(PROBLEM TO WORK ON): The records that follow need to be printed exactly. Leave out each image.
DATA TO PROCESS section start
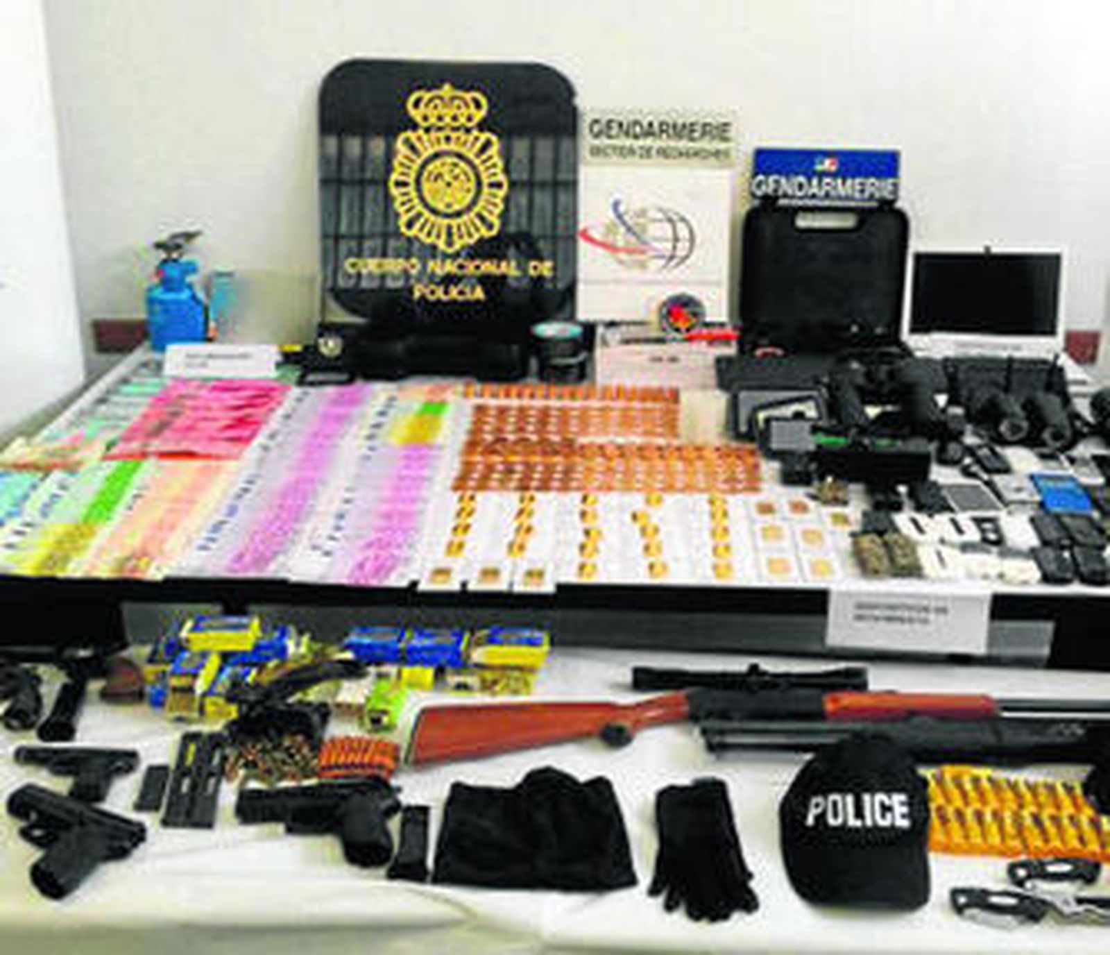 En el registro del inmueble se han incautado numerosas armas de fuego así como 56 lingotes de oro de distinto peso -valorados en 10.000 euros cada uno-, 440 monedas de oro de distinto valor, 90.000 euros, documentación e información de las cuentas de la víctima y propiedades que consiguieron por el secuestro. Además, distintos tipos de dispositivos de vigilancia y multitud de teléfonos, tarjetas de memoria, discos duros e impresoras y material tecnológico para cometer futuros atracos o secuestros.
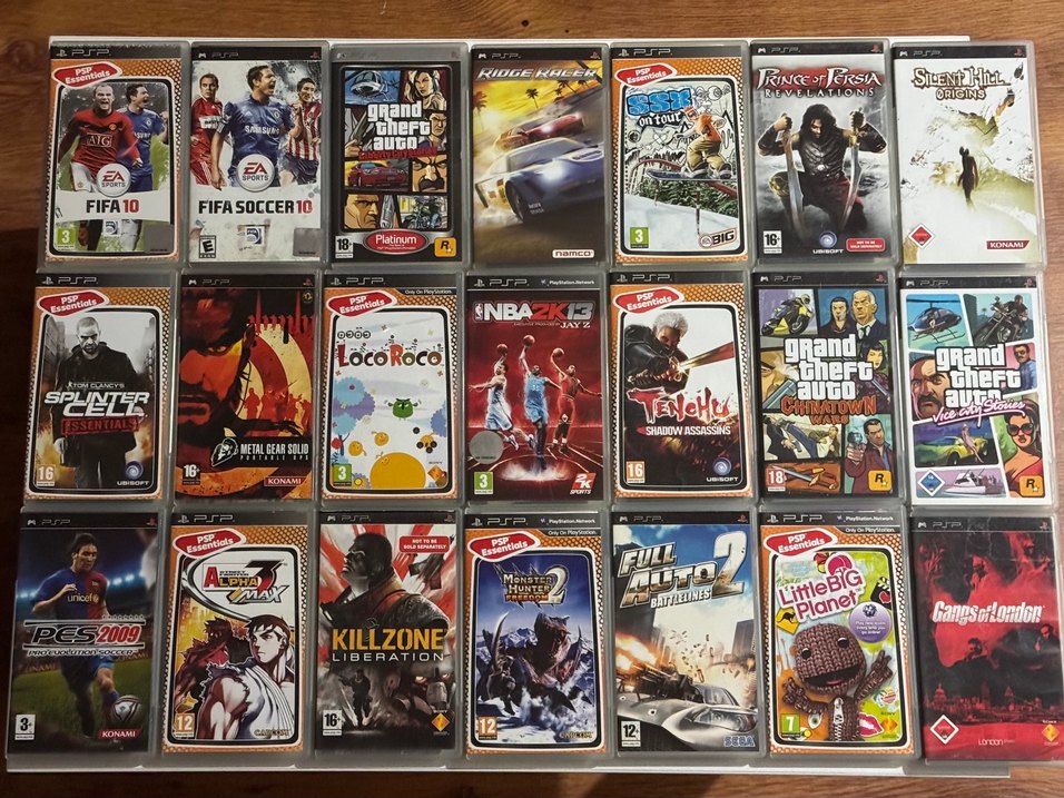 Standart oyunlarda 2-3 lu alımlarda tane 500 TL Farklı türlerde PSP konsol oyunları koleksiyonu. Grand Theft Auto, NBA 2K17 ve Monster Hunter gibi oyunlar içerir.
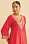 Featuring a red A-line kaftan for girls in pure upada silk base with a deep V-neckline, bell sleeves, aari, gota, and tilla embroidery. It is paired with a dogri salwar. Style it with cute hair accessories and sandals for a festive occasion, pooja or wedding ceremony.
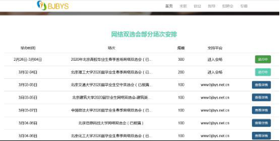 各位预毕业生: 现转发中国科学院大学网络双选会的通知,详情如下: 中国科学院大学网络双选会(3月17日-19日) 本次网络双选会起止时间为3月17日9:00—3月19日17:00,参会单位150家,其中,国有企业64家,机关/事业单位17家,提供招聘岗位1180个,招聘人数高达13308人。行业分布:IT|通信|电子|互联网 IT服务(系统/数据/维护)、建筑业工程、交通|物流 /运输、生产|加工|制造 医药/生物工程、能源、环保、教育/培训/院校、文化、娱乐、政府|非盈利机构 学术/科研。学历要求分布在:本科、硕士、博士及博士后 进入北京高校毕业生就业信息网www.bjbys.net.cn 点击首页“北京地区2020届高校毕业生网络双选会”系列活动图片 (如图)
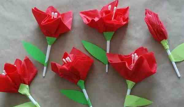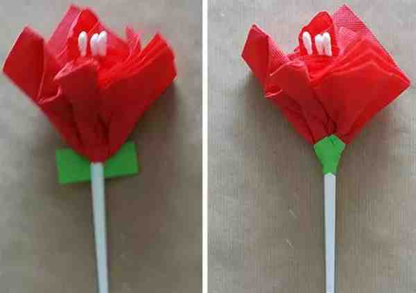 ④用绿色长条面巾纸在花朵底部固定住作为花蒂部分
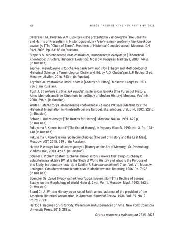 57. Savel’eva I.M., Poletaev A.V. O pol’ze i vrede prezentizma v istoriografii [The Benefits and Harms of Presentism in Historiography], in “Tsep’ vremen”: problemy istoricheskogo soznaniya [The “Chain of Times”: Problems of Historical Consciousness]. Moscow: IGH RAN, 2005. Pp. 63-88 (in Russian).
DATA TO PROCESS section end
(YOUR RESPONSE):
 En el registro del inmueble se han incautado numerosas armas de fuego así como 56 lingotes de oro de distinto peso -valorados en 10.000 euros cada uno-, 440 monedas de oro de distinto valor, 90.000 euros, documentación e información de las cuentas de la víctima y propiedades que consiguieron por el secuestro. Además, distintos tipos de dispositivos de vigilancia y multitud de teléfonos, tarjetas de memoria, discos duros e impresoras y material tecnológico para cometer futuros atracos o secuestros.
 Standart oyunlarda 2-3 lu alımlarda tane 500 TL Farklı türlerde PSP konsol oyunları koleksiyonu. Grand Theft Auto, NBA 2K17 ve Monster Hunter gibi oyunlar içerir.
 Featuring a red A-line kaftan for girls in pure upada silk base with a deep V-neckline, bell sleeves, aari, gota, and tilla embroidery. It is paired with a dogri salwar. Style it with cute hair accessories and sandals for a festive occasion, pooja or wedding ceremony.
 各位预毕业生: 现转发中国科学院大学网络双选会的通知,详情如下: 中国科学院大学网络双选会(3月17日-19日) 本次网络双选会起止时间为3月17日9:00—3月19日17:00,参会单位150家,其中,国有企业64家,机关/事业单位17家,提供招聘岗位1180个,招聘人数高达13308人。行业分布:IT|通信|电子|互联网 IT服务(系统/数据/维护)、建筑业工程、交通|物流 /运输、生产|加工|制造 医药/生物工程、能源、环保、教育/培训/院校、文化、娱乐、政府|非盈利机构 学术/科研。学历要求分布在:本科、硕士、博士及博士后 进入北京高校毕业生就业信息网www.bjbys.net.cn 点击首页“北京地区2020届高校毕业生网络双选会”系列活动图片 (如图)
 ④用绿色长条面巾纸在花朵底部固定住作为花蒂部分
 57. Savel’eva I.M., Poletaev A.V. O pol’ze i vrede prezentizma v istoriografii [The Benefits and Harms of Presentism in Historiography], in “Tsep’ vremen”: problemy istoricheskogo soznaniya [The “Chain of Times”: Problems of Historical Consciousness]. Moscow: IGH RAN, 2005. Pp. 63-88 (in Russian).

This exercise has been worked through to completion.